Photon to electron and positron

File:Pair production Cartoon.gif

Cartoon showing the process of electron-positron pair production

For photons at high-energy, (MeV scale and higher) pair production is the dominant mode of photon interaction with matter. These interactions were first observed in Patrick Blackett's counter-controlled cloud chamber, leading to the 1948 Nobel Prize in Physics. If the photon is near an atomic nucleus, the energy of a photon can be converted into an electron-positron pair:

γ → e− + e+

The photon's energy is converted to particle's mass through Einstein’s equation, $E = mc 2$ ; where $E$ is energy, $m$ is mass and $c$ is the speed of light. The photon must have higher energy than the sum of the rest mass energies of an electron and positron (2 * 0.511 MeV = 1.022 MeV) for the production to occur. The photon must be near a nucleus in order to satisfy conservation of momentum, as an electron-positron pair producing in free space cannot both satisfy conservation of energy and momentum.^[1] Because of this, when pair production occurs, the atomic nucleus receives some recoil. The reverse of this process is electron positron annihilation.

Basic kinematics

These properties can be derived through the kinematics of the interaction. Using four vector notion, the conservation of energy-momentum before and after the interaction gives:^[2]
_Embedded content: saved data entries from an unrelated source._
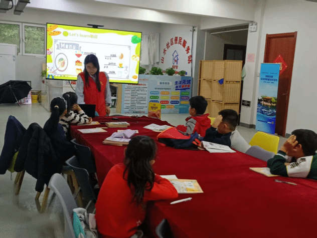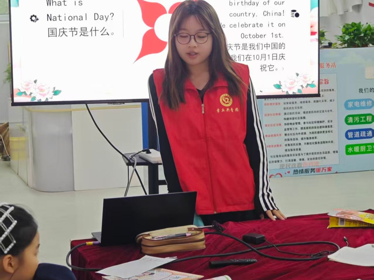 周日上午,我们志愿服务队的四位同学,带着精心准备的教案和满满的热情,走进了山水泉社区的支教课堂,为这里的孩子们带来了一场融合文具英语知识与国庆节文化的趣味教学。
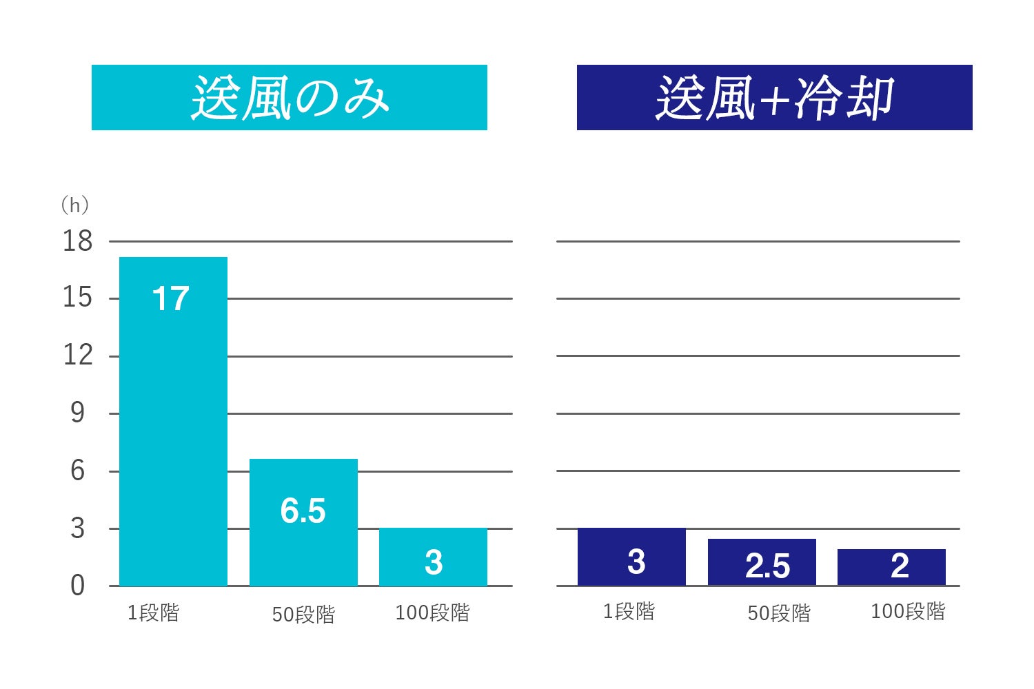MAX100段階の最大風速でも、3時間連続使用することができます。
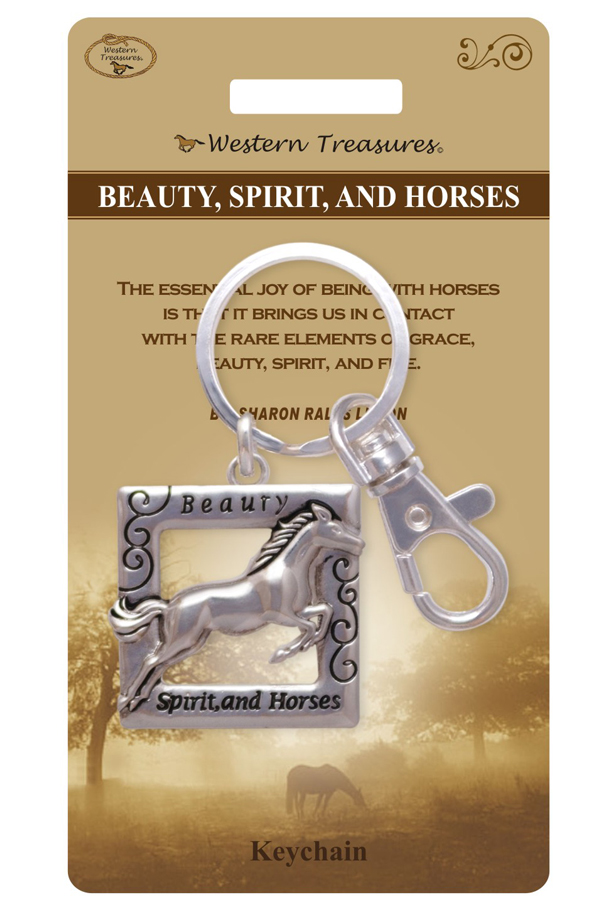 <Br>                LEAD & NICKEL FREE!!<Br>              WESTERN TREASURES!!<Br>W15588KC - "BEAUTY, SPIRIT AND <Br> HORSES" CHARM KEYCHAIN WITH<bR>          GIFT CARD AND ENVELOPE<Br>          YOUR LOW PRICE IS $6.47
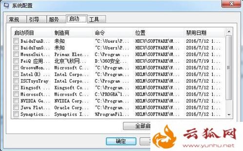 4、切换到“启动”,点击“全部禁用”,并点击确定;
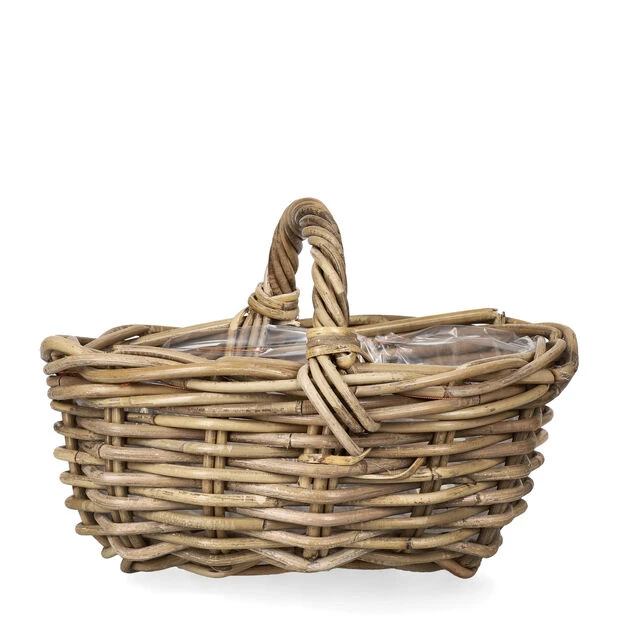 Klassisk kurv i tradisjonell design med rotting, hÄndtak og plastfÎr. Plant lÞk, urter og sesongblomster i en vakker kurv! FÄs i tre ulike stÞrrelser, kan brukes bÄde inne og ute.

$p_\gamma = p_{e-} + p_{e+} + p_{R}$

Where $p_{R}$ is the recoil of the nuclei. Note the modulus of the four vector $A = (A^0,\bold A)$ is:

$A^2 = A^{\mu} A_{\mu} = - (A^0)^2 + \bold A \cdot \bold A$

Which implies that $(p_\gamma)^2 = 0$ for all cases and $(p_{e-})^2 = -m_e^2 c^2$ . We can square the conservation equation:

$(p_\gamma)^2 = (p_{e-} + p_{e+} + p_R)^2$

However, in most cases the mass of the nuclei is much larger than the energy of the photon and can be neglected. Taking this approximation of $p_{R} \approx 0$ to simplify and expanding the remaining relation:

$(p_\gamma)^2 = (p_{e-})^2 + 2 p_{e-} p_{e+} + (p_{e+})^2$

$-2 m_e^2 c^2 + 2 \left( \frac{E^2}{c^2} + \bold p_{e-} \cdot \bold p_{e+} \right) = 0$

$2 (\gamma^2 - 1) m_e^2 c^2 (1 + \cos \theta_e ) = 0$

Therefore, this approximation can only be satisfied if the electron and positron are emitted in exactly opposite directions with $\theta_e = \pi$ .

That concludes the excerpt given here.